**Problem details:**
Every line from the first record below down to the line that includes "宽松学院风条纹长袖真丝衬衫女" must be reproduced exactly; the pictures are not.

Extracted data entries
Start of Block

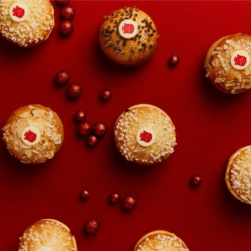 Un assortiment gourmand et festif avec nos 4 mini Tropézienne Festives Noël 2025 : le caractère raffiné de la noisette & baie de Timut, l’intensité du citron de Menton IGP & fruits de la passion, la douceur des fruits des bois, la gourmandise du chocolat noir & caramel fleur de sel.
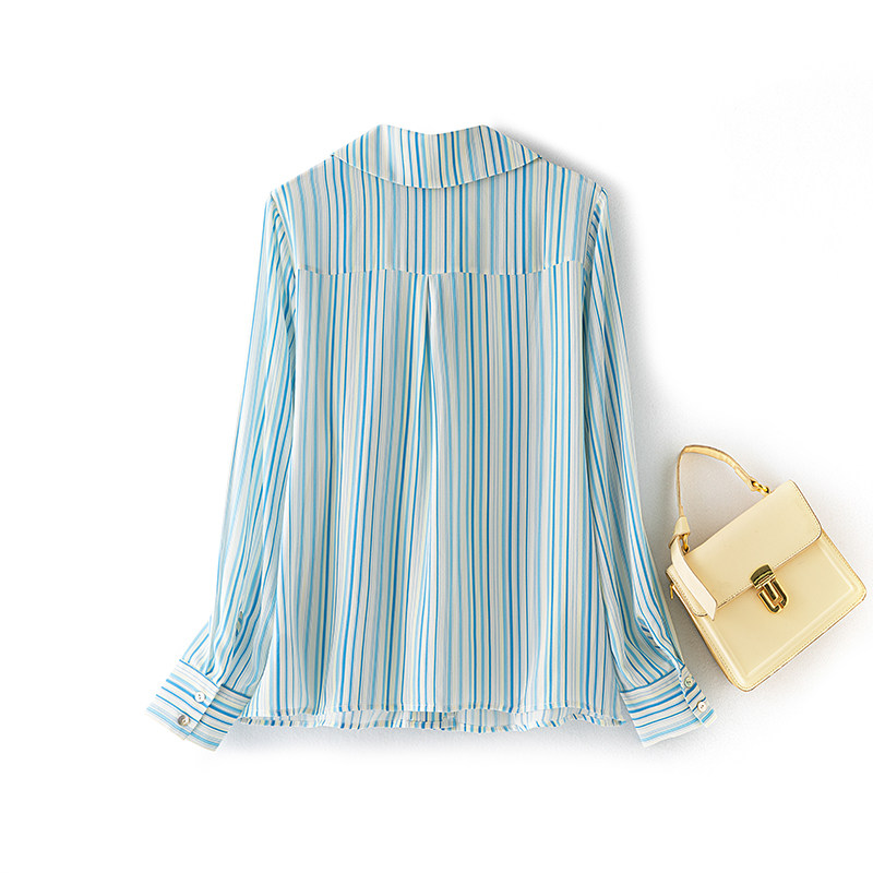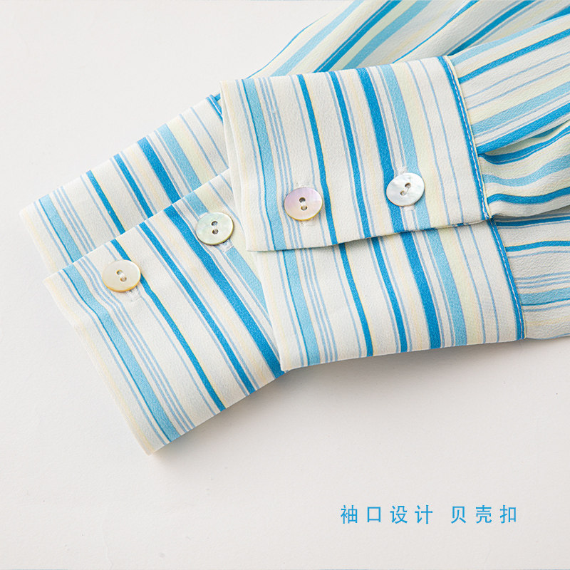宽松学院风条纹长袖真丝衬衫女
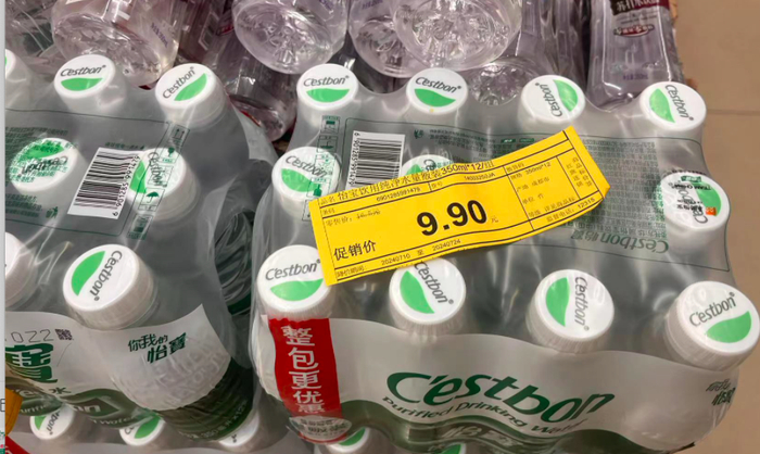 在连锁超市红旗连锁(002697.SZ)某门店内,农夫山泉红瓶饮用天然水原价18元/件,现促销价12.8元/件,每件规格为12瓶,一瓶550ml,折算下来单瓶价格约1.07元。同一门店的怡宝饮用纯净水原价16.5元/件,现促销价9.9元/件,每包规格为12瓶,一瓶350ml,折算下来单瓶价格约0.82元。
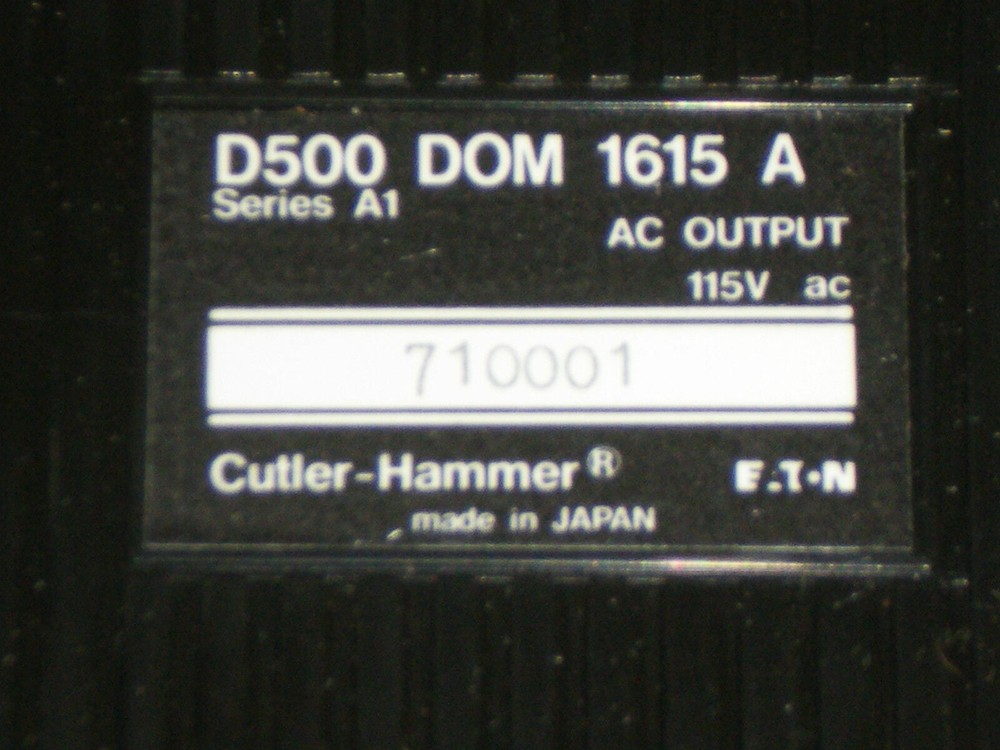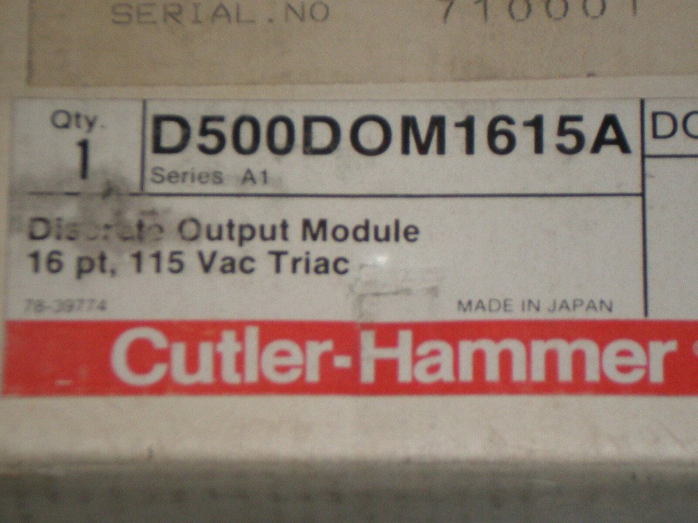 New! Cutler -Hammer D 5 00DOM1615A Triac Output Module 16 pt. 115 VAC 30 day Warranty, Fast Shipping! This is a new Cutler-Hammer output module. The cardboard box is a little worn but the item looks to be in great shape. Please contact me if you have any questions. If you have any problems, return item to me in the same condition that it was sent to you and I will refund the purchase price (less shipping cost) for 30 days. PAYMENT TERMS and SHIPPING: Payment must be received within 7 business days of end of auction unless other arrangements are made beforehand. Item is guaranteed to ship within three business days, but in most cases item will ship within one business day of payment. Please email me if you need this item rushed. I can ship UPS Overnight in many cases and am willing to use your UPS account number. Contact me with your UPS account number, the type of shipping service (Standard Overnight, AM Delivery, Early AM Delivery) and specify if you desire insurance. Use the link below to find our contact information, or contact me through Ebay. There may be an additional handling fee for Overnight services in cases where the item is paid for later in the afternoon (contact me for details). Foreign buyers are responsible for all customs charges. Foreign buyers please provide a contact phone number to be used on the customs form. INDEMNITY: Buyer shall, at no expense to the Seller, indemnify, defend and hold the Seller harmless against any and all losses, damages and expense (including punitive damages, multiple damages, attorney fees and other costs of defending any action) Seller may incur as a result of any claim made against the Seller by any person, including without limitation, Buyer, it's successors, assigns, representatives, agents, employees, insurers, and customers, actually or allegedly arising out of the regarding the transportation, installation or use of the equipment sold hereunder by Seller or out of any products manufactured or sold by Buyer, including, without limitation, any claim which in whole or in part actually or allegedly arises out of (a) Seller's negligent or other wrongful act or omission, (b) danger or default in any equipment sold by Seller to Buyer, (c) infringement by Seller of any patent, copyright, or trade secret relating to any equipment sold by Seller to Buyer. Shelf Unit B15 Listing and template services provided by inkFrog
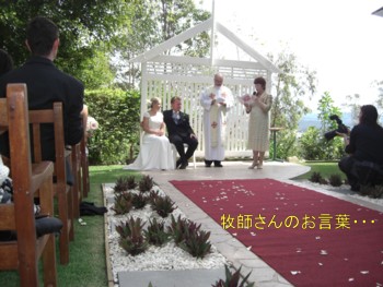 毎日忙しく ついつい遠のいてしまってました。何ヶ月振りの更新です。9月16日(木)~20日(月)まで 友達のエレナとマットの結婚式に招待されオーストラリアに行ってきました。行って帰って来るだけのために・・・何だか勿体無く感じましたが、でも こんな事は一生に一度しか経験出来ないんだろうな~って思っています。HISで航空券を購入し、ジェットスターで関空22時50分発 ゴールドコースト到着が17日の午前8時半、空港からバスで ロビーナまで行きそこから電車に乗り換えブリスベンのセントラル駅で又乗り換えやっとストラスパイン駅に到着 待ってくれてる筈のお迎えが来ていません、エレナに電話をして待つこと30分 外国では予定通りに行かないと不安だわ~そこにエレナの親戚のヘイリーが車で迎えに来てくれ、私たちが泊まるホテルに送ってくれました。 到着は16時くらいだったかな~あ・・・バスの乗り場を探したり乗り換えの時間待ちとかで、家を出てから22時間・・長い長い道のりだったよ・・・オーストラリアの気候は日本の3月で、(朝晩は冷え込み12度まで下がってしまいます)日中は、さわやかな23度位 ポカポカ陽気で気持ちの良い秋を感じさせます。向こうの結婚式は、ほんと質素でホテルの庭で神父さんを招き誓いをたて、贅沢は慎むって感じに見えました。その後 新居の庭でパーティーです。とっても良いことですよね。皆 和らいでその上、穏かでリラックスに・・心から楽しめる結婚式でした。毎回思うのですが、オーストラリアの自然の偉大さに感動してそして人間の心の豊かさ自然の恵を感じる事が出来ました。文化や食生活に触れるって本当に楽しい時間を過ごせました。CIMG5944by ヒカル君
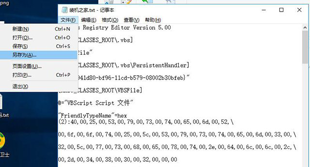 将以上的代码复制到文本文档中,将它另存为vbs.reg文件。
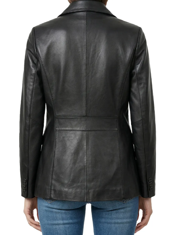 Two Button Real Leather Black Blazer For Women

End of Block

**Exercise solution:**
 Un assortiment gourmand et festif avec nos 4 mini Tropézienne Festives Noël 2025 : le caractère raffiné de la noisette & baie de Timut, l’intensité du citron de Menton IGP & fruits de la passion, la douceur des fruits des bois, la gourmandise du chocolat noir & caramel fleur de sel.
宽松学院风条纹长袖真丝衬衫女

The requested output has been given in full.